# REQUIRED ACTION
Send each entry back exactly as given, pictures excluded.

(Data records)
____
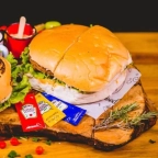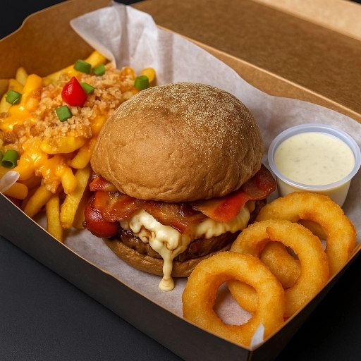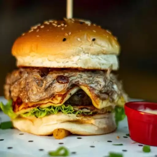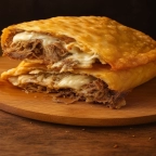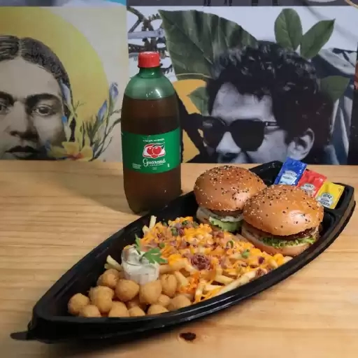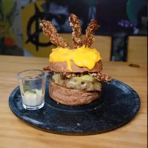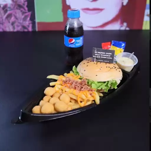 Pão selado na chapa, blend 130g, carne de sol desfiada, crispy macaxeira, queijo cheddar fatiado, queijo (mussarela e ... Ver completo
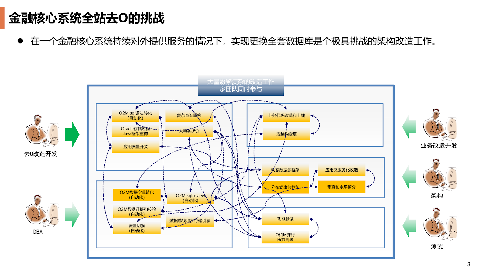 去 O 项目我们把它称之为 CTO 项目,这个项目听上去是由纯运维或 DBA 团队来主导实施的项目,但实际上替换一个异构数据库在本质上是完全不同的,它涉及到业务系统、应用系统里所有的 SQL 代码,换一个数据库就要根据新的数据库语法进行逻辑重构,所以这个项目的进展中不但有 DBA,有应用开发,还有整个架构团队。引入一个新的数据库系统会涉及到架构规范、开发规范、中间件引入等问题,需要架构团队进行支持,一些 SQL 语句跟原来的使用方法完全不一样,其上层的业务逻辑需要进行修改,包括测试、开发、产品经理、业务方,在某些情况下也需要介入。
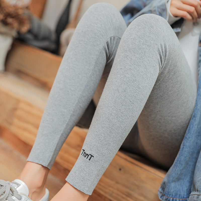 Pure cotton gray inner lap pants female outwear plus size spring autumn season tight body thread high waist elastic display slim fit pants
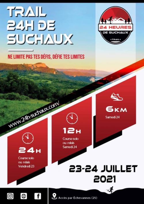 Le trail des "24 Heures de Suchaux" est une course à allure libre d’endurance par élimination, qui se déroule en individuel ou en équipe, le tout sur une boucle de 6 km pour 300m de dénivelé positif. En individuel ou relai de 2 ou 3 personnes , sur 12h, 24h ou cross de 6km, choisissez le format qui vous conviendra le mieux afin de vous dépasser et terminer un maximum de boucles !
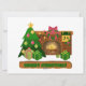 Merry Christmas near fireplace bonfire xmas tree Holiday Card
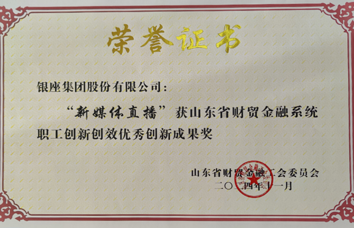 銀座集團榮獲山東省財貿金融系統創新競賽 優秀創新成果獎
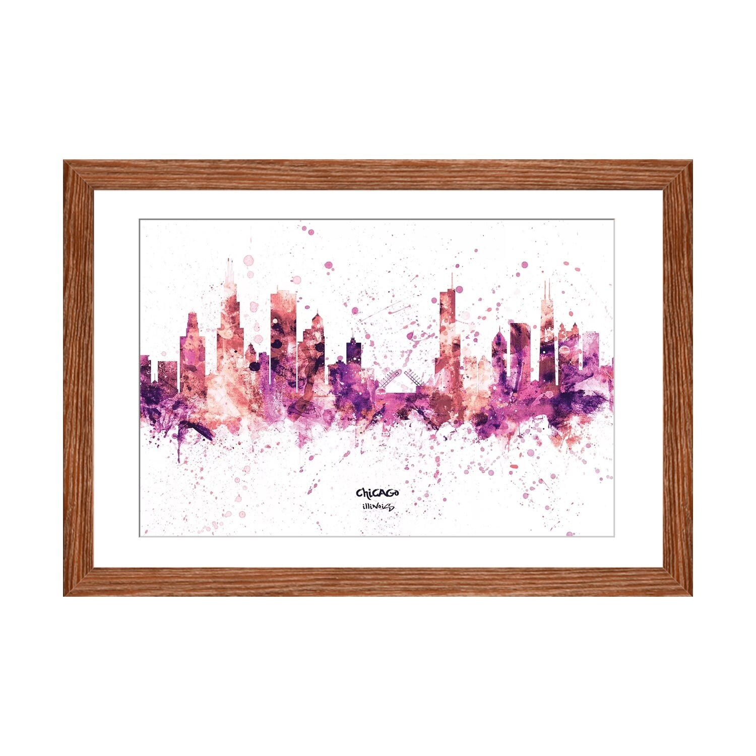 iCanvas "Chicago Illinois Skyline Splash Pink" by Michael Tompsett
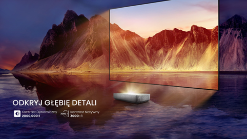 Dzięki wysokiemu natywnemu kontrastowi Laser TV jest w stanie wydobyć detale nawet w ciemnych scenach. Cienie nie stanowią dla L5H żadnego problemu, a to pozwala cieszyć się realistycznym obrazem o niezwykłej głębi.
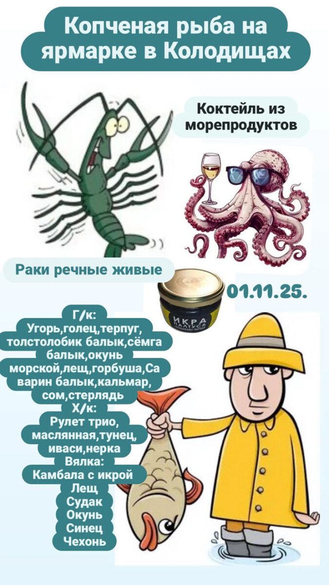 - Копченая рыба и морепродукты, раки речные живые;
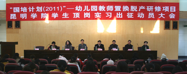 2011年12月31日上午,“国培计划(2011)”------幼儿教师置换脱产研修项目yl23455永利官网学生顶岗实习出征动员大会在惟行楼1501报告厅隆重举行,罗明东副校长、刘海发副校长以及校长办公室、教务处、职业技术教育中心领导,教师教育学院党政领导、班主任、辅导员及参加此次顶岗置换实习的152名同学参加大会。大会由刘海发副校长主持。
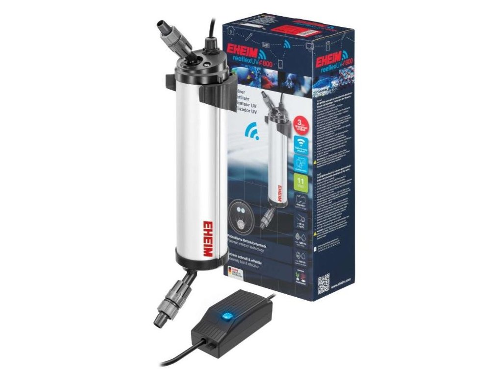 reeflexUV+e je další krok osvědčeného UV čističe reeflexUV EHEIM řízený WiFi. Princip patentované technologie reflektorů (s výrazně zvýšeným germicidním UV-C zářením) zůstal stejný. Zatímco u běžných UV čističek voda protéká kolem UV-C hořáku oklikou, u EHEIM reeflexUV+e to jde přímější cestou. Tím nedochází k žádné ztrátě energie a šetří energii a je dvakrát efektivnější. ReeflexUV+e lze propojit s dalšími produkty z rodiny EHEIM Digital a lze jej ovládat prostřednictvím zařízení s podporou WLAN (smartphony, tablety, notebooky atd.). Můžete například vybrat různé režimy, určit časy a pauzy a dokonce přepnout do režimu booster v případě silného napadení parazity. ReeflexUV+e by měl být použit jako podpora filtru, aby se redukovaly malé organismy (zárodky, spory řas, atd.) v akváriu.
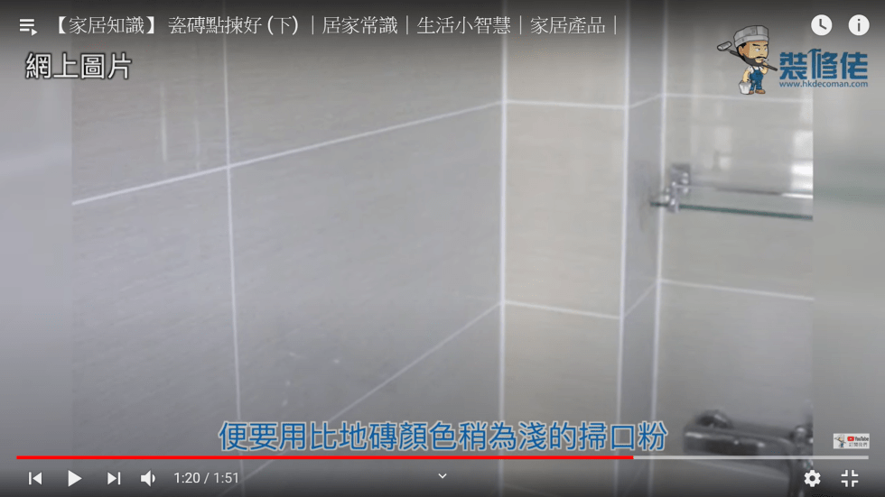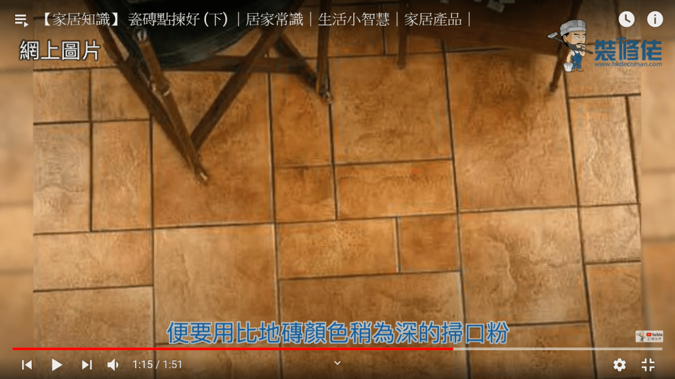 淺色磚就要用比地磚顏色稍為淺的掃口粉。
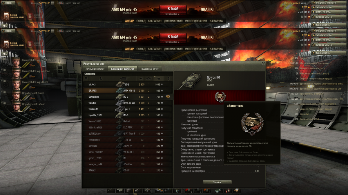 Доброго! Не подскажите, почему не начислена медаль "Захватчик" в бою с победой захватом базы на 100%? Остальные результаты(урон и т.п.) раковые,не спорю,так получилось) . 2 скриншота прилагаю. За адекватный ответ спасибо!
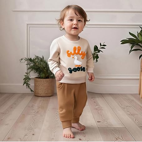 • CIYCUIT Toddler Baby Boy Outfits Goose Embroidered Sweatshirt Pants Set
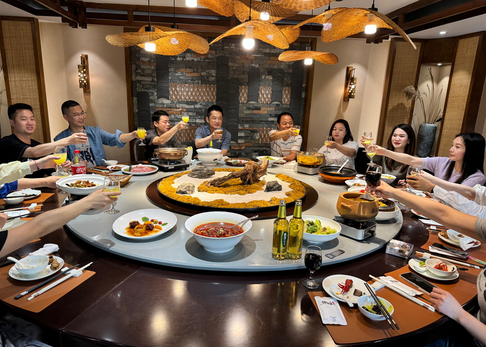 聚餐過程中,大家圍坐在一起,享受著豐盛的美食。桌上擺放著各式佳肴,色香味俱佳,讓人垂涎欲滴。公司準備了精美的生日蛋糕,餐廳為壽星準備了和寓意長壽的面條。蛋糕上點綴著鮮艷的水果,口感細膩,甜而不膩;面條則寓意著長壽和健康,寄托著公司對員工的美好祝愿。
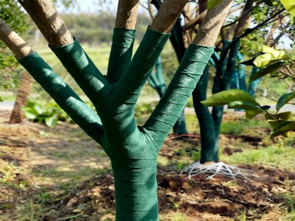 缠绕前检查树干,发现病害或损伤需先涂抹树木愈合剂。新生嫩枝及分叉处需用软质材料衬垫,避免布面直接摩擦形成损伤。
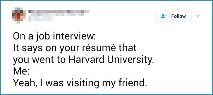 ▼「面試官:你的履歷表上寫著,曾去過哈佛大學。我:是的,我去看朋友。」
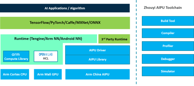 为了方便开发者的AI开发,Arm中国在发布AIPU的同时,还发布了周易 AIPU 软件工具链。基于这个工具链,用户可以快速开发基于周易 AIPU 的算法,优化和部署人工智能应用,同时还支持支持 Android、Linux、RTOS 等操作系统和 Bare-metal 方式。
____
# EXERCISE OUTPUT
 Pão selado na chapa, blend 130g, carne de sol desfiada, crispy macaxeira, queijo cheddar fatiado, queijo (mussarela e ... Ver completo
 去 O 项目我们把它称之为 CTO 项目,这个项目听上去是由纯运维或 DBA 团队来主导实施的项目,但实际上替换一个异构数据库在本质上是完全不同的,它涉及到业务系统、应用系统里所有的 SQL 代码,换一个数据库就要根据新的数据库语法进行逻辑重构,所以这个项目的进展中不但有 DBA,有应用开发,还有整个架构团队。引入一个新的数据库系统会涉及到架构规范、开发规范、中间件引入等问题,需要架构团队进行支持,一些 SQL 语句跟原来的使用方法完全不一样,其上层的业务逻辑需要进行修改,包括测试、开发、产品经理、业务方,在某些情况下也需要介入。
 Pure cotton gray inner lap pants female outwear plus size spring autumn season tight body thread high waist elastic display slim fit pants
 Le trail des "24 Heures de Suchaux" est une course à allure libre d’endurance par élimination, qui se déroule en individuel ou en équipe, le tout sur une boucle de 6 km pour 300m de dénivelé positif. En individuel ou relai de 2 ou 3 personnes , sur 12h, 24h ou cross de 6km, choisissez le format qui vous conviendra le mieux afin de vous dépasser et terminer un maximum de boucles !
 Merry Christmas near fireplace bonfire xmas tree Holiday Card
 銀座集團榮獲山東省財貿金融系統創新競賽 優秀創新成果獎
 iCanvas "Chicago Illinois Skyline Splash Pink" by Michael Tompsett
 Dzięki wysokiemu natywnemu kontrastowi Laser TV jest w stanie wydobyć detale nawet w ciemnych scenach. Cienie nie stanowią dla L5H żadnego problemu, a to pozwala cieszyć się realistycznym obrazem o niezwykłej głębi.
 - Копченая рыба и морепродукты, раки речные живые;
 2011年12月31日上午,“国培计划(2011)”------幼儿教师置换脱产研修项目yl23455永利官网学生顶岗实习出征动员大会在惟行楼1501报告厅隆重举行,罗明东副校长、刘海发副校长以及校长办公室、教务处、职业技术教育中心领导,教师教育学院党政领导、班主任、辅导员及参加此次顶岗置换实习的152名同学参加大会。大会由刘海发副校长主持。
 reeflexUV+e je další krok osvědčeného UV čističe reeflexUV EHEIM řízený WiFi. Princip patentované technologie reflektorů (s výrazně zvýšeným germicidním UV-C zářením) zůstal stejný. Zatímco u běžných UV čističek voda protéká kolem UV-C hořáku oklikou, u EHEIM reeflexUV+e to jde přímější cestou. Tím nedochází k žádné ztrátě energie a šetří energii a je dvakrát efektivnější. ReeflexUV+e lze propojit s dalšími produkty z rodiny EHEIM Digital a lze jej ovládat prostřednictvím zařízení s podporou WLAN (smartphony, tablety, notebooky atd.). Můžete například vybrat různé režimy, určit časy a pauzy a dokonce přepnout do režimu booster v případě silného napadení parazity. ReeflexUV+e by měl být použit jako podpora filtru, aby se redukovaly malé organismy (zárodky, spory řas, atd.) v akváriu.
 淺色磚就要用比地磚顏色稍為淺的掃口粉。
 Доброго! Не подскажите, почему не начислена медаль "Захватчик" в бою с победой захватом базы на 100%? Остальные результаты(урон и т.п.) раковые,не спорю,так получилось) . 2 скриншота прилагаю. За адекватный ответ спасибо!
 • CIYCUIT Toddler Baby Boy Outfits Goose Embroidered Sweatshirt Pants Set
 聚餐過程中,大家圍坐在一起,享受著豐盛的美食。桌上擺放著各式佳肴,色香味俱佳,讓人垂涎欲滴。公司準備了精美的生日蛋糕,餐廳為壽星準備了和寓意長壽的面條。蛋糕上點綴著鮮艷的水果,口感細膩,甜而不膩;面條則寓意著長壽和健康,寄托著公司對員工的美好祝愿。
 缠绕前检查树干,发现病害或损伤需先涂抹树木愈合剂。新生嫩枝及分叉处需用软质材料衬垫,避免布面直接摩擦形成损伤。
 ▼「面試官:你的履歷表上寫著,曾去過哈佛大學。我:是的,我去看朋友。」
 为了方便开发者的AI开发,Arm中国在发布AIPU的同时,还发布了周易 AIPU 软件工具链。基于这个工具链,用户可以快速开发基于周易 AIPU 的算法,优化和部署人工智能应用,同时还支持支持 Android、Linux、RTOS 等操作系统和 Bare-metal 方式。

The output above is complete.